Among the firms successfully targeted was a UK contractor that makes nuclear warheads. Speculation has circulated that this may have enabled the attacker to gain information about the manufacture of nuclear weapons.
This is to be seen against the background of statements by Andrei Biletsky–a member of the Ukrainian parliament and the commander of the Nazi Azov Battalion–that Ukraine is going to attempt to become a nuclear power.
Feeling better?
Programs covering the Ukraine crisis are: FTR #‘s 777, 778, 779, 780, 781, 782, 783, 784, 794, 800, 803, 804, 808, 811, 817, 818, 824, 826, 829, 832, 833, 837.
It’s unclear how the Internet traffic for many British Telecom customers—including a defense contractor that helps make nuclear warheads —was diverted to servers in Ukraine before being passed along to its intended recipients.

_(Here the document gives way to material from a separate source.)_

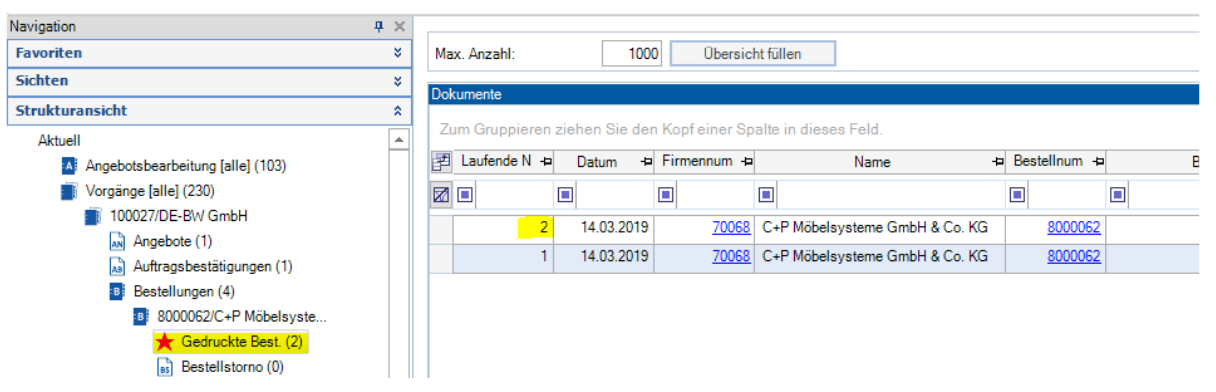 Damit erzeugt das System eine neue Version Ihrer Bestellung. Dies können Sie im Vorgang in den Bestellungen nachvollziehen.

The snag may have allowed adversaries to intercept or tamper with communications sent and received by the UK’s Atomic Weapons Establishment, one of the affected clients. Other organizations with redirected traffic include Lockheed Martin, Toronto Dominion Bank, Anglo-Italian helicopter company AgustaWestland, and the UK Department for Environment, according to a blog post by researchers at Dyn, an online infrastructure consultancy.
The affected traffic appears to include email and virtual private network connections. The circuitous path caused the data “to travel thousands of miles to the Ukrainian capital of Kiev before turning around, retracing that route, and being delivered to its normal hub in London,” Ars Technica reports.
Sending the data to Kiev may have made it possible for employees with network access to Ukrainian telecom provider Vega to eavesdrop or manipulate data that wasn’t encrypted. . . . .
. . . . This sort of rerouting – called a man-in-the-middle attack — is the result of the implicit trust placed in the border gateway protocol used to exchange data between large service providers and their customers, which include banks, governments, network service providers, aerospace companies, and other sensitive organizations.